Były reprezentant Polski usiłował zabić kolegę. Sprawa ponownie przed sądem

(fot. Policja)

W Sądzie Apelacyjnym w Gdańsku rozpoczęła się rozprawa przeciwko byłemu piłkarzowi Patrykowi Z., który został skazany w czerwcu przez Sąd Okręgowy w Słupsku na 10 lat pozbawienia wolności. Były reprezentant Polski U-18 w czerwcu 2020 roku wbił swojemu koledze nóż w plecy.

26-letni Patryk Z. jest byłym piłkarzem, reprezentantem Polski U-18, w przeszłości występował m.in. w Lechii Gdańsk i Arce Gdynia.
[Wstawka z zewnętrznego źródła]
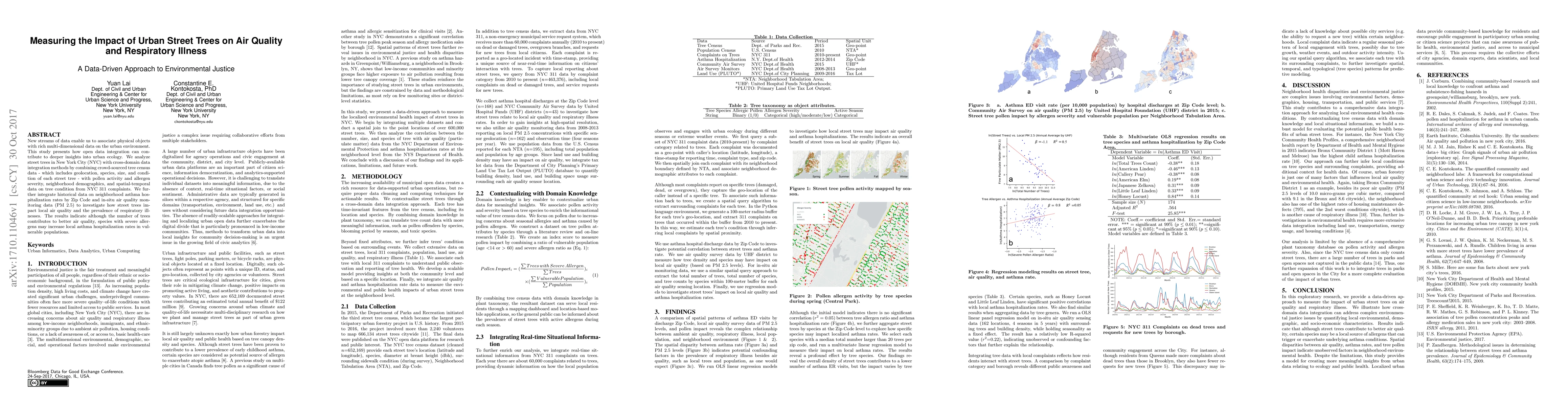 This study in NYC uses combined datasets on street trees, pollen, demographics, tree conditions, asthma rates, and air quality to find that while more trees improve air quality, certain high-allergen species may increase asthma hospitalizations, especially in vulnerable communities.

W środę w Sądzie Apelacyjnym w Gdańsku rozpoczęła się rozprawa przeciwko Patrykowi Z., skazanemu w czerwcu wyrokiem Sądu Okręgowego w Słupsku na karę 10 lat pozbawienia wolności wykonywanej w systemie terapeutycznym za usiłowanie zabójstwa.

GRY KOMPUTEROWE I NARKOTYKI

Do zdarzenia doszło w 2020 roku w mieszkaniu kolegi Patryka Z. Obaj mężczyźni grali wówczas w gry komputerowe i zażywali narkotyki. W trakcie spotkania Patryk Z. wbił mężczyźnie nóż w plecy, po czym wybiegł z mieszkania, krzycząc, że ktoś próbuje go zabić. Zaatakowany 36-latek w ciężkim stanie trafił wówczas do szpitala.

Sąd Okręgowy w Słupsku w czerwcu skazał Patryka Z. na 10 lat pozbawienia wolności wykonywanej w systemie terapeutycznym. Ponadto sąd zasądził od mężczyzny na rzecz pokrzywdzonego 20 tys. zł tytułem zadośćuczynienia.

APELACJA OBROŃCY OSKARŻONEGO I PROKURATURY

Apelacje od wyroku wywiedli obrońca oskarżonego oraz prokurator. Obrońca wniósł o uniewinnienie oskarżonego lub o zmianę kwalifikacji na nieumyślne spowodowanie ciężkiego uszczerbku na zdrowiu.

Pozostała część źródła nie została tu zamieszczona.